◆ Brief
Please copy, exactly as they appear below, the lines from the one containing "与此同时,对于游戏账号未来的" through the one containing "Discuss the big".

[Exercise inputs Boundary: Start]

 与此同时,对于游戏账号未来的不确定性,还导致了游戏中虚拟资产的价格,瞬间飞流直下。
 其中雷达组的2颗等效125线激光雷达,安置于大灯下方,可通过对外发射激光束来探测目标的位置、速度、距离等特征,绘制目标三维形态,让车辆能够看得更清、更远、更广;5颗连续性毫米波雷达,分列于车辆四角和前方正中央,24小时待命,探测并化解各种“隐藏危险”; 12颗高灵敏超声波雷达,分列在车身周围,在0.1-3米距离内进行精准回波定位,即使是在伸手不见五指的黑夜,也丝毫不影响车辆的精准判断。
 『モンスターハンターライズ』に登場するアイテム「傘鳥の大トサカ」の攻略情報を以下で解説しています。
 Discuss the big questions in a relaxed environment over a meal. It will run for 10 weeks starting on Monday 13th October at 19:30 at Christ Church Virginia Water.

[Exercise inputs Boundary: End]
[Exercise inputs Boundary: Start]

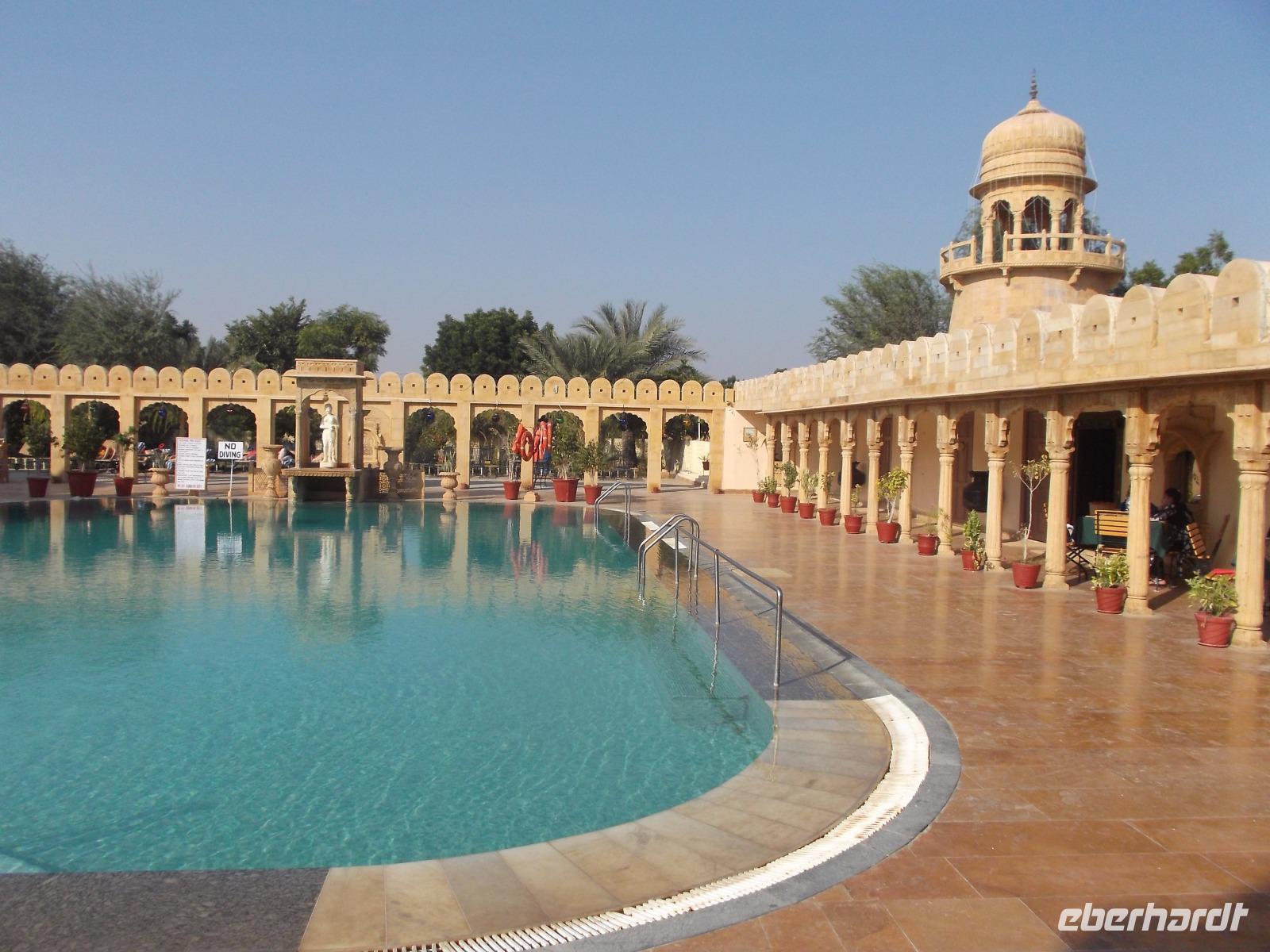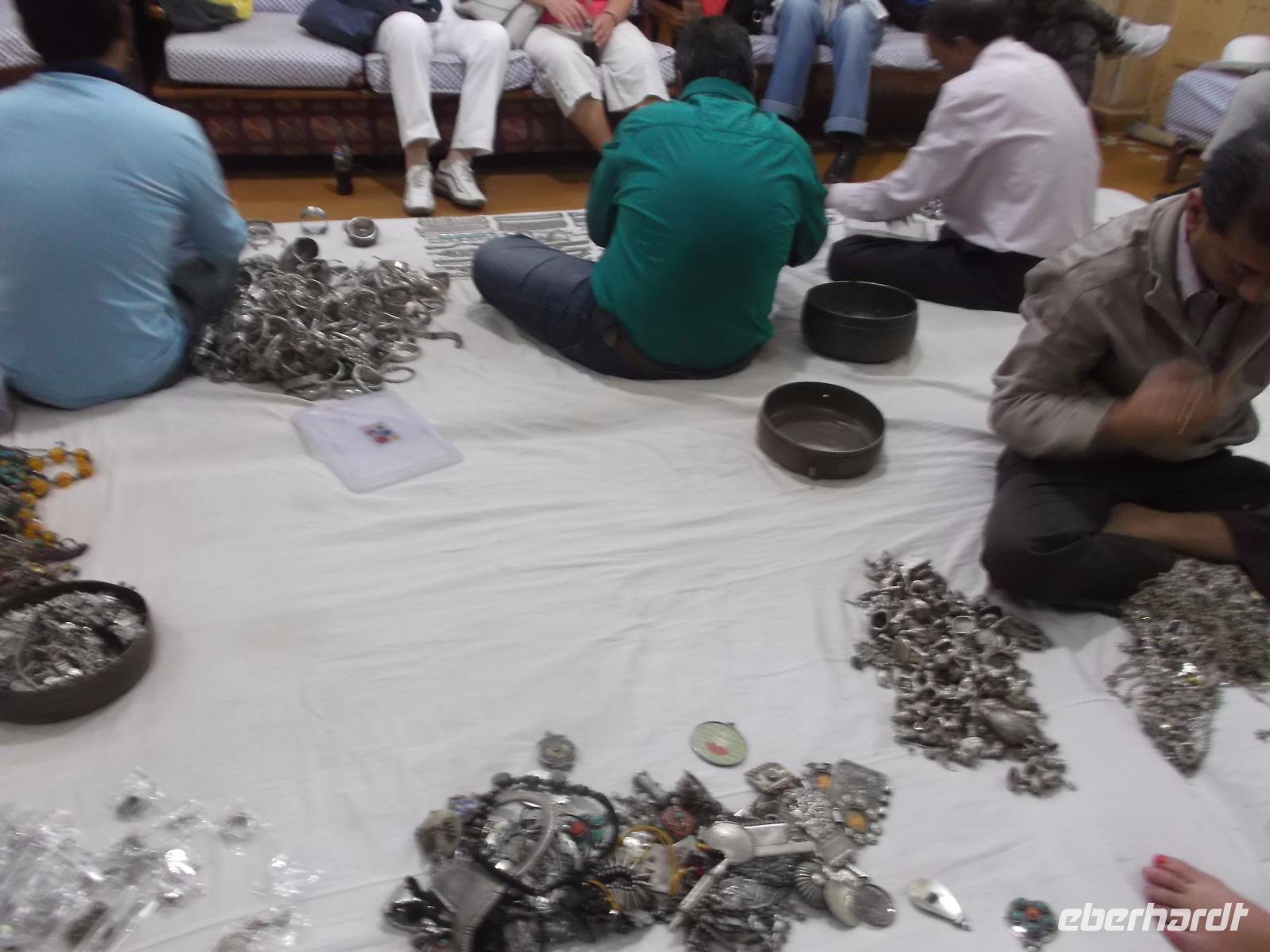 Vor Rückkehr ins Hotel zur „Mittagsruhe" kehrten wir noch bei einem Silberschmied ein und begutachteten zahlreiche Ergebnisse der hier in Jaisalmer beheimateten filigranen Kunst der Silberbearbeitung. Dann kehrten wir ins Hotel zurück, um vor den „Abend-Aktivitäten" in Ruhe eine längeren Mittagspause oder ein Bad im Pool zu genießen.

[Exercise inputs Boundary: End]

◆ Finished exercise
 与此同时,对于游戏账号未来的不确定性,还导致了游戏中虚拟资产的价格,瞬间飞流直下。
 其中雷达组的2颗等效125线激光雷达,安置于大灯下方,可通过对外发射激光束来探测目标的位置、速度、距离等特征,绘制目标三维形态,让车辆能够看得更清、更远、更广;5颗连续性毫米波雷达,分列于车辆四角和前方正中央,24小时待命,探测并化解各种“隐藏危险”; 12颗高灵敏超声波雷达,分列在车身周围,在0.1-3米距离内进行精准回波定位,即使是在伸手不见五指的黑夜,也丝毫不影响车辆的精准判断。
 『モンスターハンターライズ』に登場するアイテム「傘鳥の大トサカ」の攻略情報を以下で解説しています。
 Discuss the big questions in a relaxed environment over a meal. It will run for 10 weeks starting on Monday 13th October at 19:30 at Christ Church Virginia Water.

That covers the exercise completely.